─── Dataset entries ───
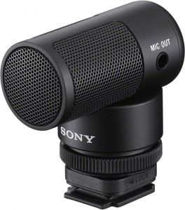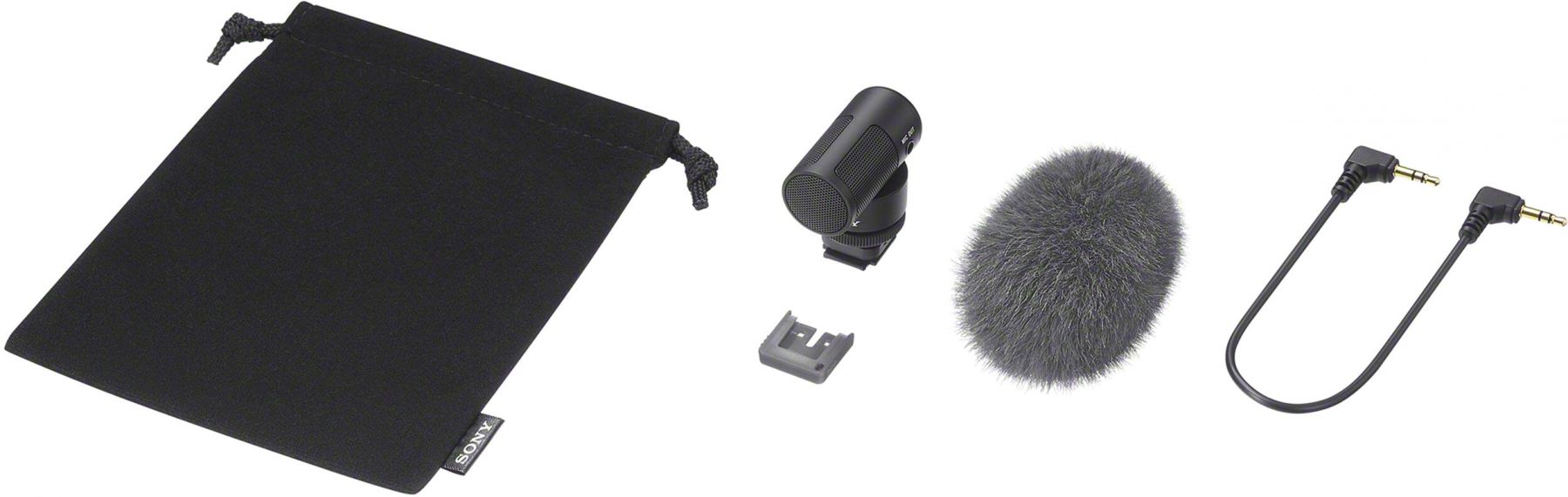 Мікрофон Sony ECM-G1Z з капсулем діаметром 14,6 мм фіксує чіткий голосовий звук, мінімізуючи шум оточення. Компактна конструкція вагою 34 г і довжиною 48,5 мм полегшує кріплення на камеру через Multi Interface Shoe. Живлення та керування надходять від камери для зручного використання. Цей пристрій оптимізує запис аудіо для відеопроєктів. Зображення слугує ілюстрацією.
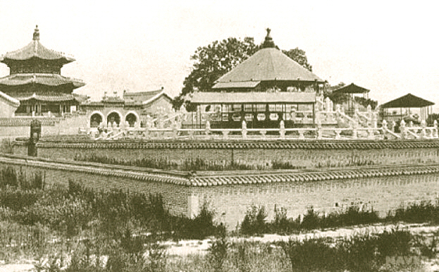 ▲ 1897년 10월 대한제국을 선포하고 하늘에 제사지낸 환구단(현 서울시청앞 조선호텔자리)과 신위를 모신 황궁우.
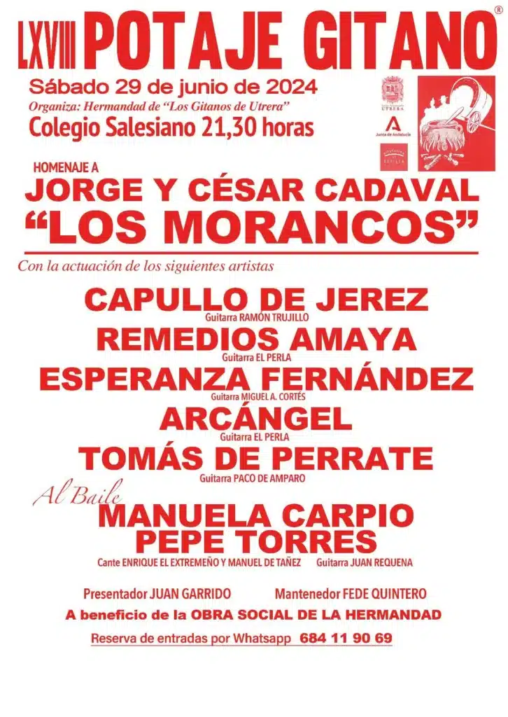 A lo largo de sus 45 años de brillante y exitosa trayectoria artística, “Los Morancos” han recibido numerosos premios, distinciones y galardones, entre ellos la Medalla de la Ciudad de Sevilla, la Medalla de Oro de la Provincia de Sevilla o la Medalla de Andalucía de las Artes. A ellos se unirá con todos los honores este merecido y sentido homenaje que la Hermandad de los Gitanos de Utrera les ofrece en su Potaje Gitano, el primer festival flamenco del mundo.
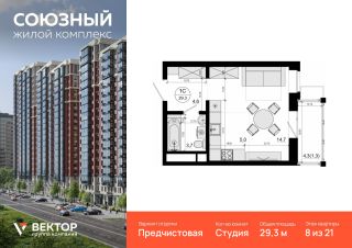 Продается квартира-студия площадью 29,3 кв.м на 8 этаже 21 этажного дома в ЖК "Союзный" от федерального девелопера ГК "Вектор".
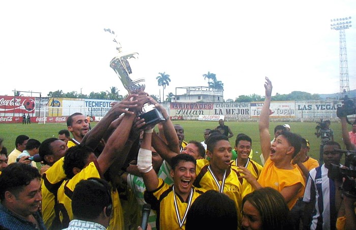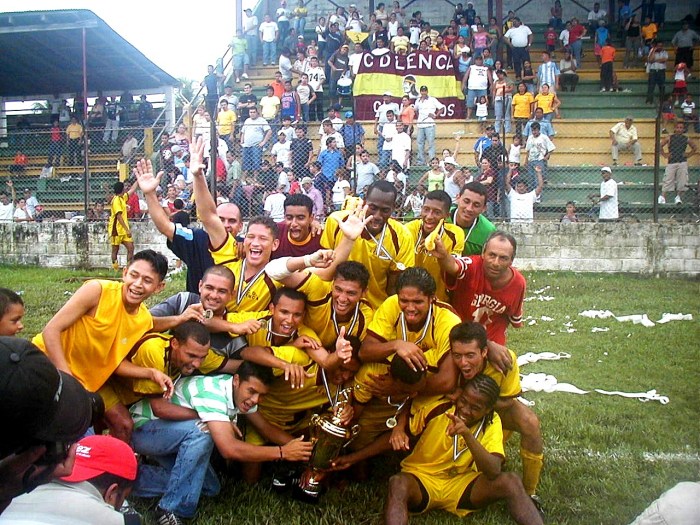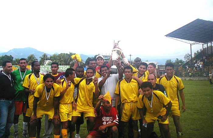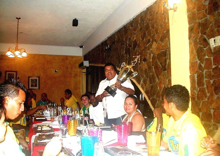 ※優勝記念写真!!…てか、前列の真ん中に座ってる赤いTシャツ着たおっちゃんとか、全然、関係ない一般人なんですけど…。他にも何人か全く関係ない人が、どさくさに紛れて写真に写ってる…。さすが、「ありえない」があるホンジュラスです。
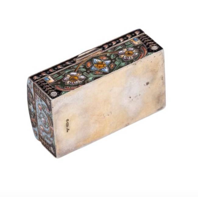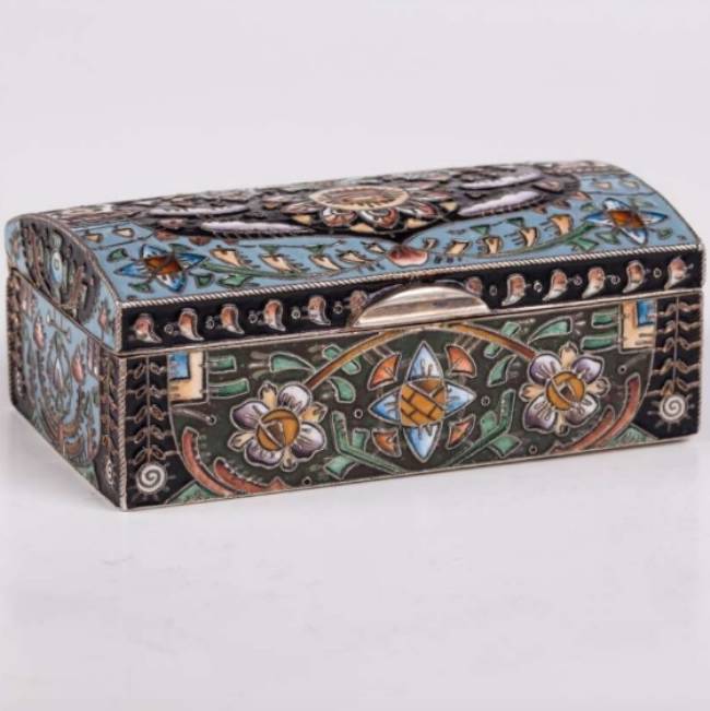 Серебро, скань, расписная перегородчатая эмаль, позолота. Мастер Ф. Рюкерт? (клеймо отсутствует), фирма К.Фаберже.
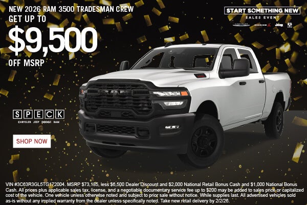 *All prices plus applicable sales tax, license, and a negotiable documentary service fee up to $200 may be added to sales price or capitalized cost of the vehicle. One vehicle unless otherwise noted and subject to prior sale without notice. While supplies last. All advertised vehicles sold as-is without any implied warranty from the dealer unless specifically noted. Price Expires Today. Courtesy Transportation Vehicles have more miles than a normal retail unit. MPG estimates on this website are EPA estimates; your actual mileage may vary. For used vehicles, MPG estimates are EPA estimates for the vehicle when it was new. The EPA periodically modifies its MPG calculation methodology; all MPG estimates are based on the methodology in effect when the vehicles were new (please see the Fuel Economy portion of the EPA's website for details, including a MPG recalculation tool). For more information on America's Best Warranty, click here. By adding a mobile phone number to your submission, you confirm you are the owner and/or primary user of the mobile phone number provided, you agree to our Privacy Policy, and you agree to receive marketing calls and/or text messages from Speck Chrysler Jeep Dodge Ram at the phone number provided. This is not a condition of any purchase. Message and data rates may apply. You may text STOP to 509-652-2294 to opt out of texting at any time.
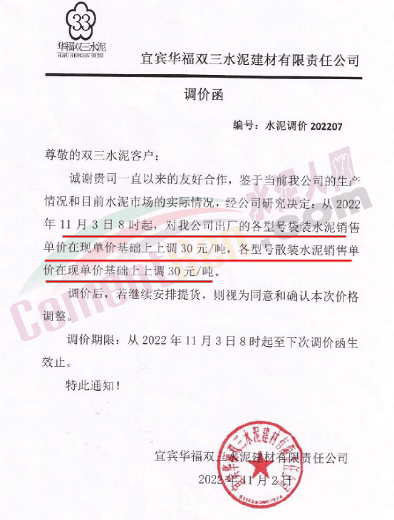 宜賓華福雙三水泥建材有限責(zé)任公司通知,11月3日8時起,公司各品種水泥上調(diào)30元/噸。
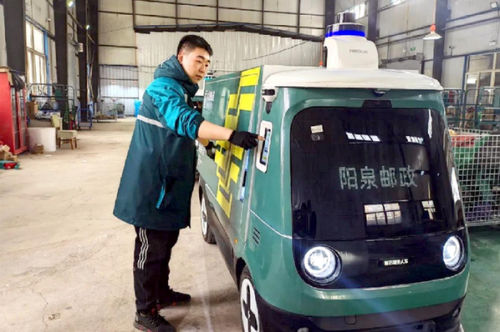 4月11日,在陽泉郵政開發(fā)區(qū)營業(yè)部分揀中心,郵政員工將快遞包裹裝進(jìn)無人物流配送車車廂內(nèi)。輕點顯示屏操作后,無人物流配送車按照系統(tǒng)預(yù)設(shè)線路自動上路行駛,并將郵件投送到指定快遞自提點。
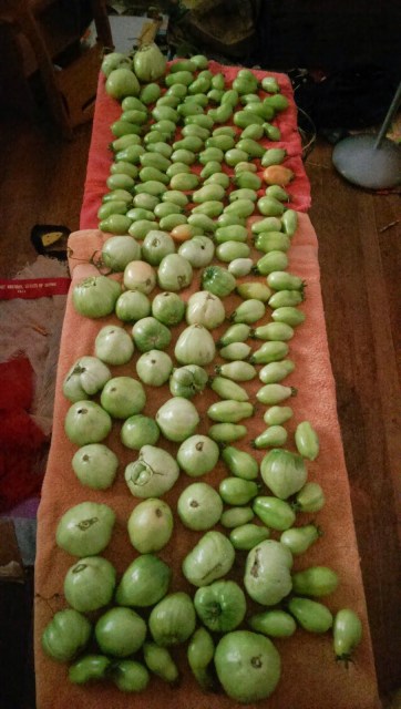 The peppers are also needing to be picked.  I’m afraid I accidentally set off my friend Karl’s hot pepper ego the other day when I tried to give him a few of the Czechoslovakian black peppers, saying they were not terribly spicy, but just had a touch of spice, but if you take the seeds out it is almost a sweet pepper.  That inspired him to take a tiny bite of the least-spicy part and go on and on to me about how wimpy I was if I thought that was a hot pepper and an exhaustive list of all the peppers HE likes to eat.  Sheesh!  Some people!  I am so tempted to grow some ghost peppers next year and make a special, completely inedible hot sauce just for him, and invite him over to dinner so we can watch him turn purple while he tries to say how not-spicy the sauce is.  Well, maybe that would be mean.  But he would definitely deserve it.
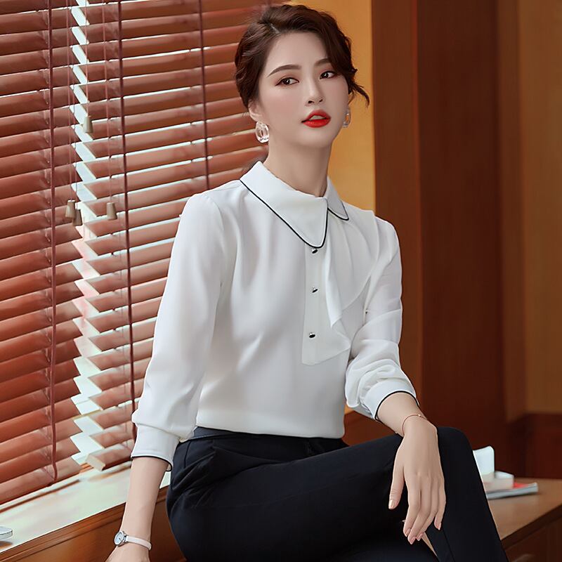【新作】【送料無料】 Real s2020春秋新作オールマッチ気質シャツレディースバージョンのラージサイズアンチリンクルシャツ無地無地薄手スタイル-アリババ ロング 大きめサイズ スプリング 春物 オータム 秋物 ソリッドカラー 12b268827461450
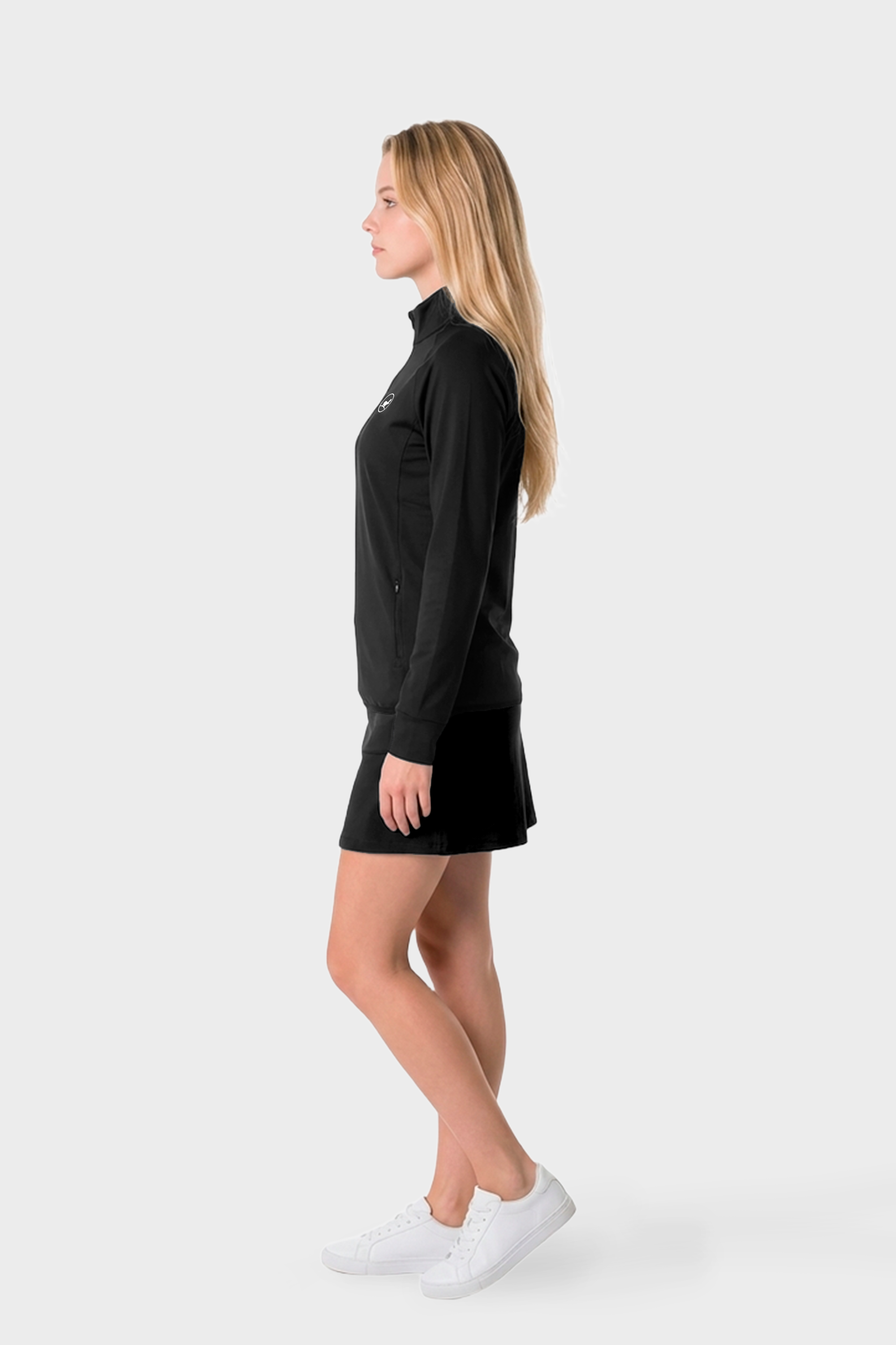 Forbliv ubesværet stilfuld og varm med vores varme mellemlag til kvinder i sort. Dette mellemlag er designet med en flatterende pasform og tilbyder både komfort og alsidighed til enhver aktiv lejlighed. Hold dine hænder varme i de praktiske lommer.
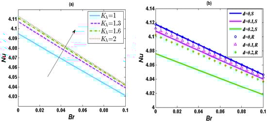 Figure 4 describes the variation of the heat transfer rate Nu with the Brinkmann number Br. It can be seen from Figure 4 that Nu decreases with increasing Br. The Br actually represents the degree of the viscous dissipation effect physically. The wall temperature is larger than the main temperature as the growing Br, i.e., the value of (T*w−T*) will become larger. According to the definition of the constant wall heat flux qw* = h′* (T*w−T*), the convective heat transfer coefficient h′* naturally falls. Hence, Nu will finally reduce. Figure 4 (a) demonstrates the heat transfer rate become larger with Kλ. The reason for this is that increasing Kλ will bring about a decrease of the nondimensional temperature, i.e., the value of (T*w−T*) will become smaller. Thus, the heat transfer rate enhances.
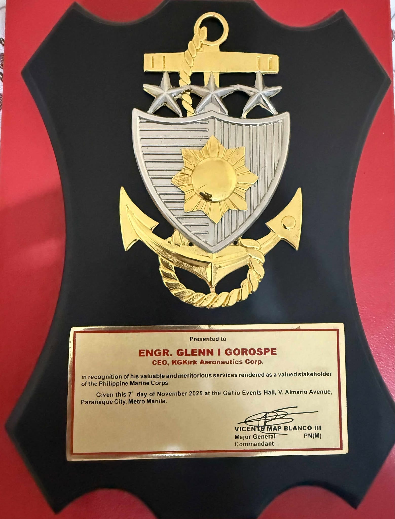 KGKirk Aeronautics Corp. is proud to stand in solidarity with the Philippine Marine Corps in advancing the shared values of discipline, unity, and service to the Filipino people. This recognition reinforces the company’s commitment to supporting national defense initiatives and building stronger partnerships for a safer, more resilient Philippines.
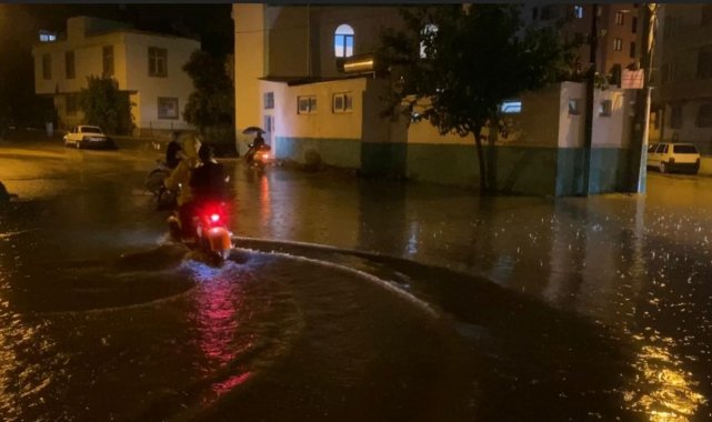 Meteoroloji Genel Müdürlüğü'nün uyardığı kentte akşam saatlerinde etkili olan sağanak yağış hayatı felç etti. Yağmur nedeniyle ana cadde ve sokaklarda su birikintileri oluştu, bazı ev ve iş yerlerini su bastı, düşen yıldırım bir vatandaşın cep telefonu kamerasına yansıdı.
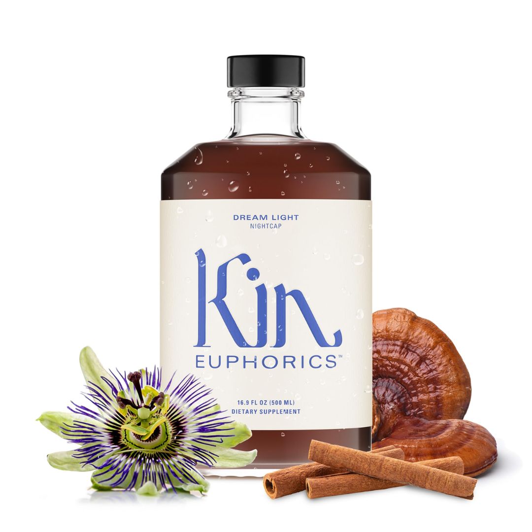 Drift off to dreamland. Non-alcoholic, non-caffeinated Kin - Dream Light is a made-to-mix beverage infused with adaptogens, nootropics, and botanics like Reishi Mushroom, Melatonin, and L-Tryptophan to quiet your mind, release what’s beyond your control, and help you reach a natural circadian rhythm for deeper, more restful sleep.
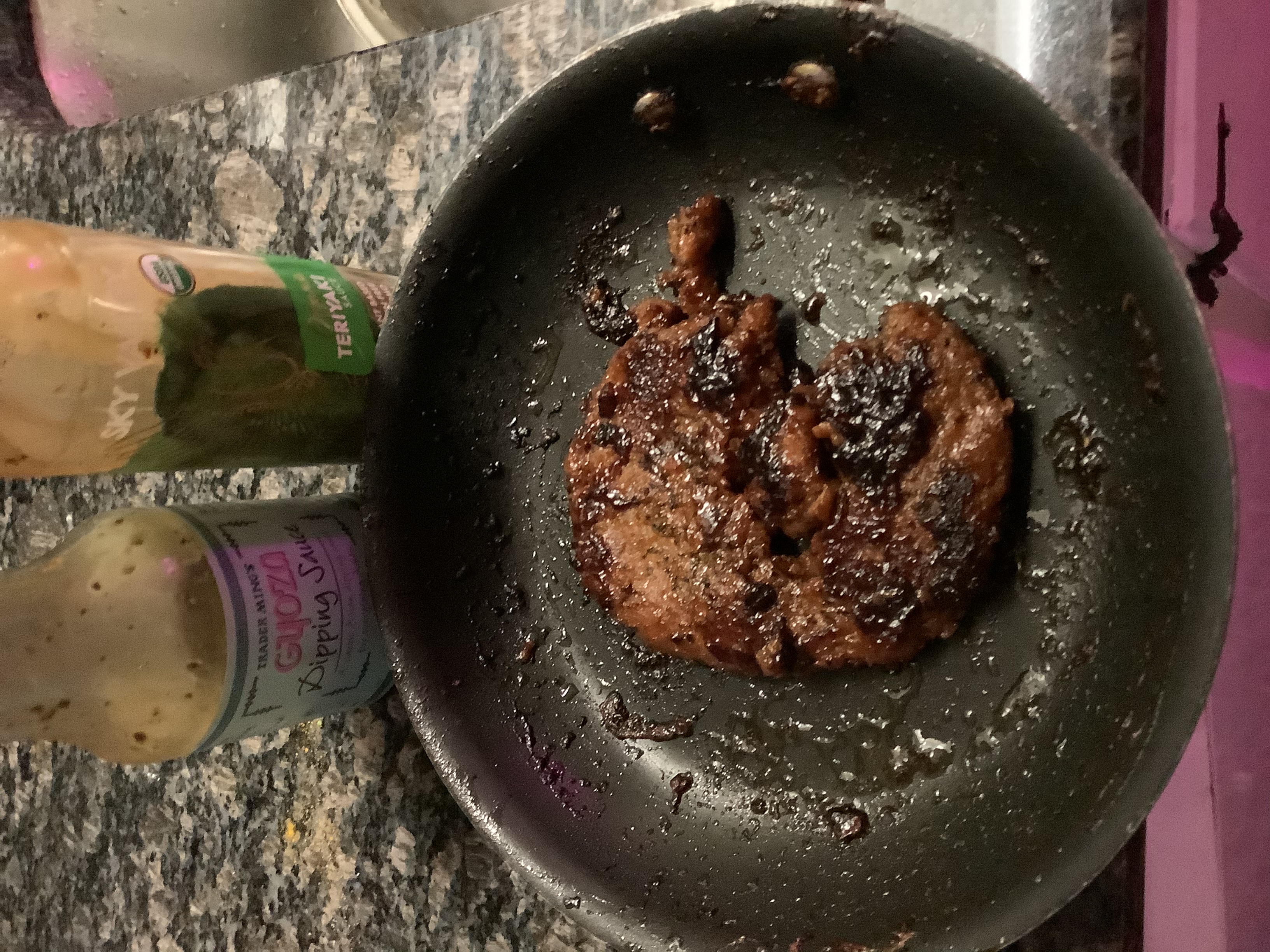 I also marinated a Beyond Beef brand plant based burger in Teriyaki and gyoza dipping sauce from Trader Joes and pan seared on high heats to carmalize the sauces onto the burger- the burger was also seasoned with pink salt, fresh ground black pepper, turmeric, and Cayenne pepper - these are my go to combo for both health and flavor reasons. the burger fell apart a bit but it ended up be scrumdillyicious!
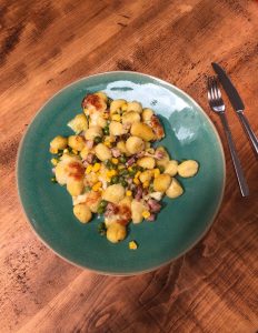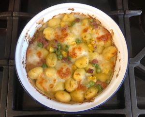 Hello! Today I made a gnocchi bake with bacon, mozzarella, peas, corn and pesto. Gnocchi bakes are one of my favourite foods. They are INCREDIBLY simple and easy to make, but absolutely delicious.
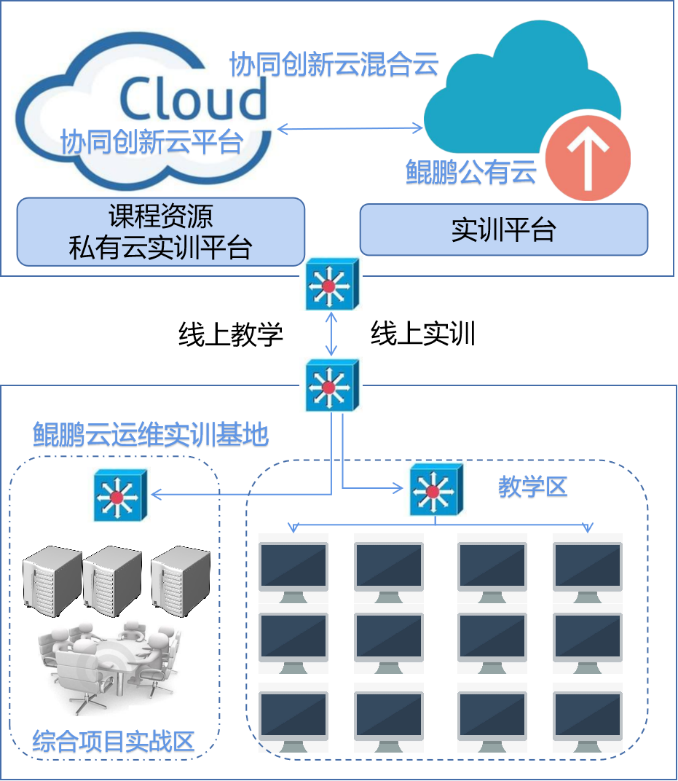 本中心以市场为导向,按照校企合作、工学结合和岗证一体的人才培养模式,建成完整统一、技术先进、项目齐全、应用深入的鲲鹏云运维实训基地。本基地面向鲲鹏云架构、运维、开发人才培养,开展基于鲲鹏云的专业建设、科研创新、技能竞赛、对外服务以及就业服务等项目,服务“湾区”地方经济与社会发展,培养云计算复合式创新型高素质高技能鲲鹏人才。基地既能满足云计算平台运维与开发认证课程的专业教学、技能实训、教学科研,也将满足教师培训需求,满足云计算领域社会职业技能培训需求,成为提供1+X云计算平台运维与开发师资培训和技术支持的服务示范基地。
───
▶ **Problem details**:
Return only the part above that opens with the line containing "The peppers are" and closes with the line containing "秋物 ソリッドカラー 12b268827461450", exactly and with both ends, skipping the pictures.

▶ **Task answer**:
 The peppers are also needing to be picked.  I’m afraid I accidentally set off my friend Karl’s hot pepper ego the other day when I tried to give him a few of the Czechoslovakian black peppers, saying they were not terribly spicy, but just had a touch of spice, but if you take the seeds out it is almost a sweet pepper.  That inspired him to take a tiny bite of the least-spicy part and go on and on to me about how wimpy I was if I thought that was a hot pepper and an exhaustive list of all the peppers HE likes to eat.  Sheesh!  Some people!  I am so tempted to grow some ghost peppers next year and make a special, completely inedible hot sauce just for him, and invite him over to dinner so we can watch him turn purple while he tries to say how not-spicy the sauce is.  Well, maybe that would be mean.  But he would definitely deserve it.
【新作】【送料無料】 Real s2020春秋新作オールマッチ気質シャツレディースバージョンのラージサイズアンチリンクルシャツ無地無地薄手スタイル-アリババ ロング 大きめサイズ スプリング 春物 オータム 秋物 ソリッドカラー 12b268827461450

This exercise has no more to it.